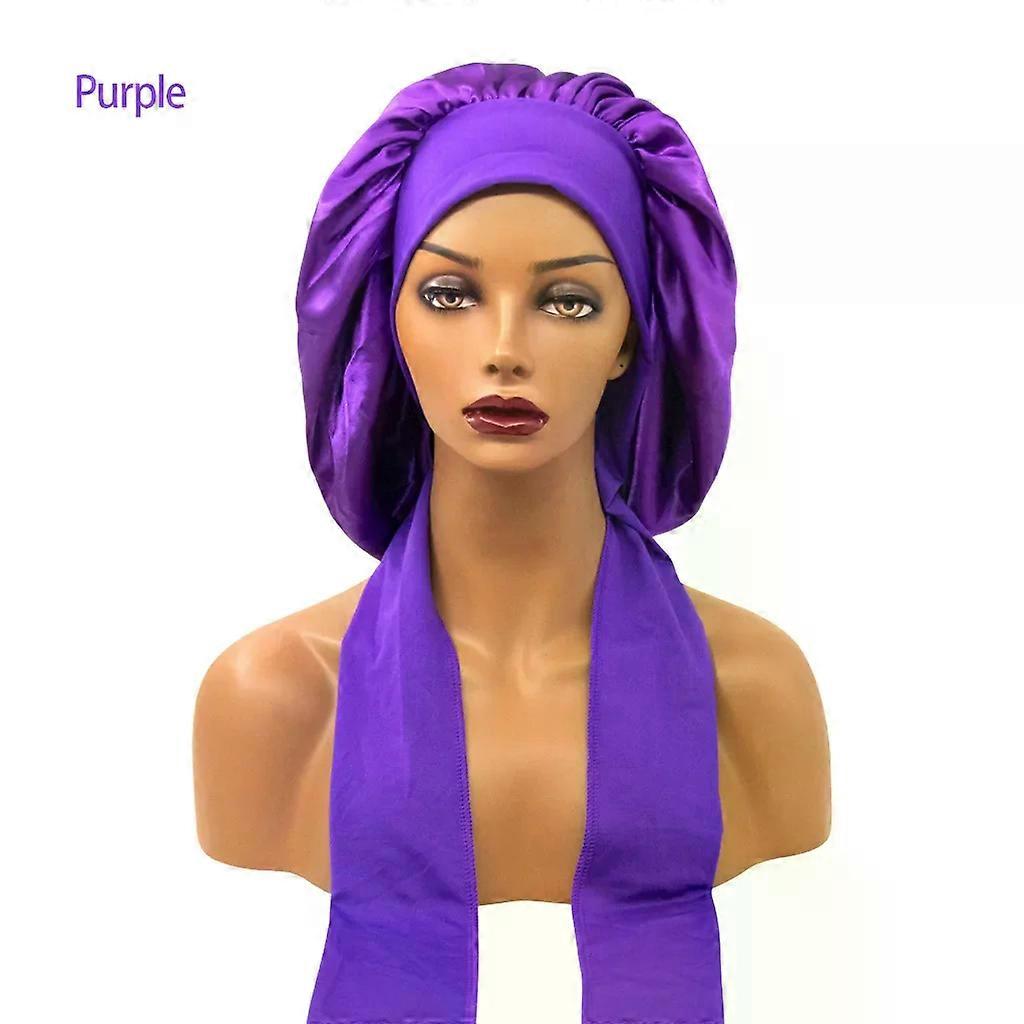 Women Satin Widened Sleep Hat Night Sleep Cap with Long Streamer Hair Care Bonnet Nightcap Elastic Cap De Nuit Shower Turban
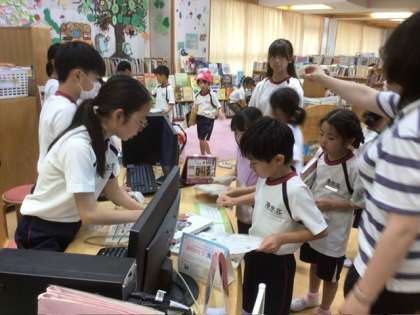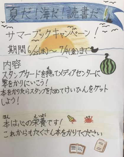 図書委員会が「サマーブックキャンペーン」を企画してくれました。休み時間にたくさんの子どもたちがメディアセンターを訪れ、楽しそうに本を借りていました。この活動を通じて、子どもたちがさらに読書を楽しむきっかけになればうれしいです。
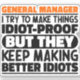 Funny General Manager Sayings "General Manager I Try To Make Things Idiot Proof But They Keep Making Better Idiots". Grab this Funny General Manager design as a funny gifts for an awesome mum, dad or friend.
###
Task statement => Exactly and only the lines from the one holding "図書委員会が「サマーブックキ" through the final line of the material must be returned, both ends included, without any pictures.

Response to this task =>
 図書委員会が「サマーブックキャンペーン」を企画してくれました。休み時間にたくさんの子どもたちがメディアセンターを訪れ、楽しそうに本を借りていました。この活動を通じて、子どもたちがさらに読書を楽しむきっかけになればうれしいです。
 Funny General Manager Sayings "General Manager I Try To Make Things Idiot Proof But They Keep Making Better Idiots". Grab this Funny General Manager design as a funny gifts for an awesome mum, dad or friend.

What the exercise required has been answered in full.